Twenty of our asthma patients (22%) were in complete remission of asthma and 47 patients (52%) were asymptomatic and without inhaled corticosteroids at follow up, a definition used to express clinical remission of asthma. Twenty seven of the latter group (57%) had BHR or a low lung function, or both. This is in line with the study of Boulet et al7 who found that asymptomatic asthmatic subjects who did not use medication still had active disease, as shown by lower lung function values, increased bronchodilator response, and BHR suggesting either ongoing airway inflammation or airway remodelling.
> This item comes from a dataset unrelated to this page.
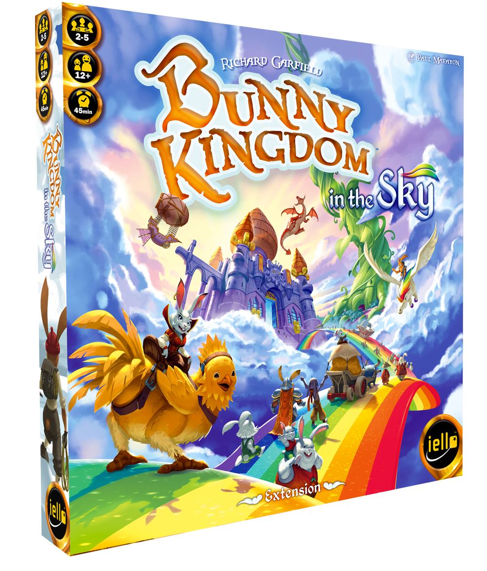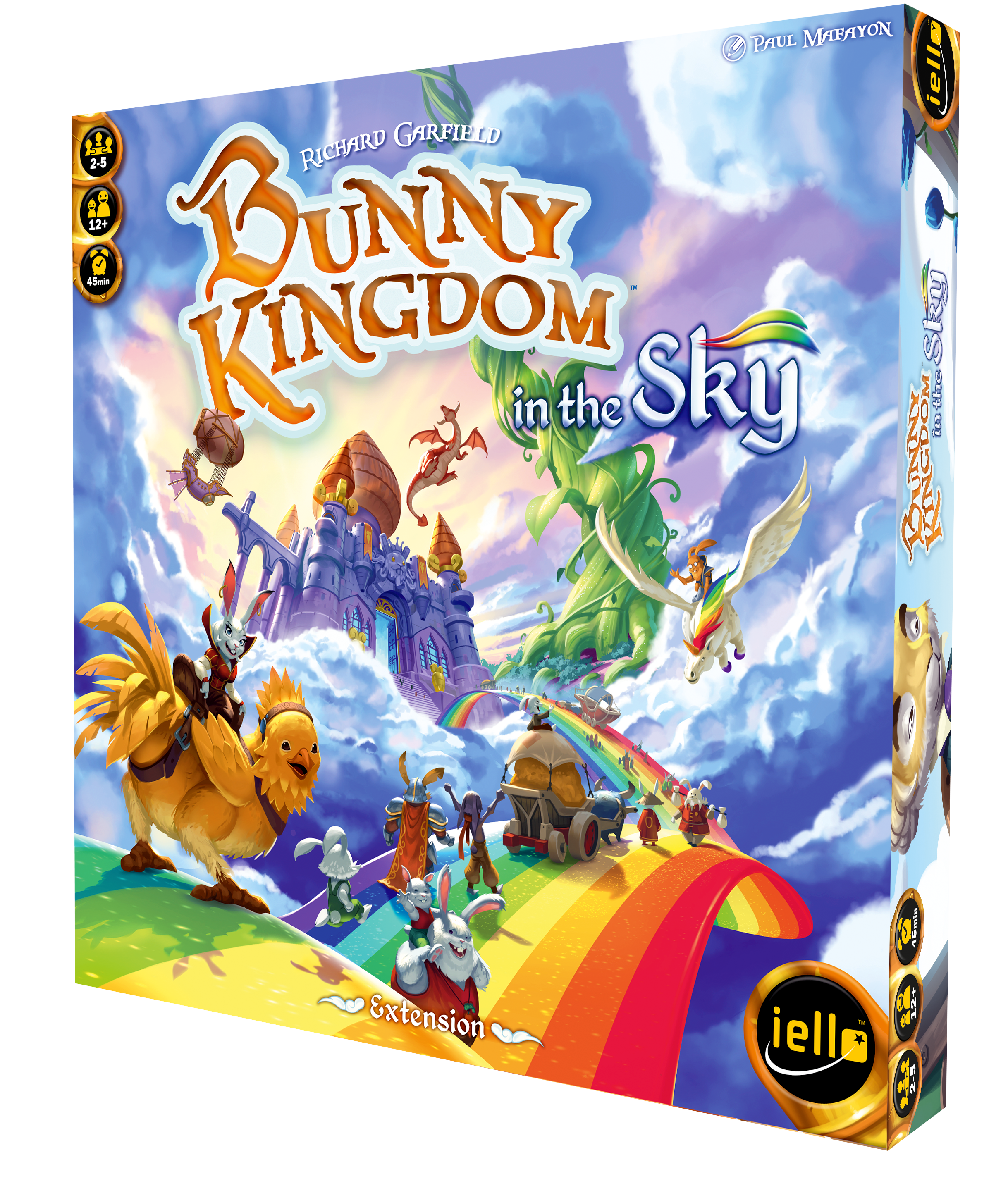 Depuis qu'un Grand Nuage étrange et mystérieux a été aperçu au-dessus du Nouveau Monde, tous les seigneurs Lapins tentent de s'y installer afin de rapporter au Roi Lapinot les Ressources merveilleuses qui s'y trouvent ... Toujours signé Richard Garfield et superbement illustré par Paul Mafayon, Bunny Kingdom In the Sky vous propose de découvrir un nouvel univers, perché sur un gigantesque nuage. Au programme : un tout nouveau plateau, à placer à côté de celui du jeu se base, mais aussi tout un tas de nouvelles ressources merveilleuses, un 5ème joueurs, de splendides carottadelles ou encore l'arrivée du commerce ! À vous de voir plus loin, plus grand et surtout… plus haut.
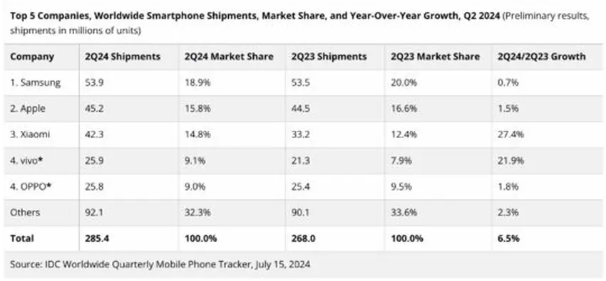 Xiaomi stało się w tym okresie trzecią największą marką smartfonów na świecie. Chińska firma dostarczyła 42,3 miliona smartfonów i zdobyła 14,8% rynku. Jest to znaczący wzrost o 27,4% w porównaniu do ubiegłego roku.

Indeed, a recent study8 showed that asthma patients with a comparable definition of remission7 had higher numbers of eosinophils, T cells, mast cells, and IL-5 in the airway mucosa than healthy control subjects. Another study31 found higher numbers of eosinophils in the bronchoalveolar lavage fluid of atopic children who had apparently outgrown their asthma (no wheezing for 12 months and no current medication) compared with controls. Thus, simply asking patients whether they have asthma symptoms and use asthma treatment is unreliable for determining airway inflammation as well as asthma remission. It remains to be established whether this has consequences for clinical practice—that is, institution of anti-inflammatory treatment.
We conclude that complete remission of asthma is only present in a small subset of this clinic based sample of atopic patients with moderate to severe asthma. Importantly, we show variable results in the outcome of asthma dependent on whether remission is defined as absence of symptoms, (near) normal lung function, absence of BHR, no use of asthma medication, or as a combination of these components. Only 22% of symptomatic allergic asthmatic children fully outgrew their asthma by age 32–42, determined on the basis of a combination of objective and subjective measurements. Remission of asthma is associated with better lung function early in life and a higher increase in lung function from age 5–14 to age 21–33. This possibly reflects a lower prevalence of early and/or progressive airway remodelling in those patients with a better outcome of the disease. Our results support the idea that defining remission of asthma by only assessing symptoms and medication use will overlook those subjects who have subclinical active disease and possibly associated airway remodelling.
This study was supported by The Netherlands Asthma Foundation (grant number 93.64) and Stichting Astma Bestrijding.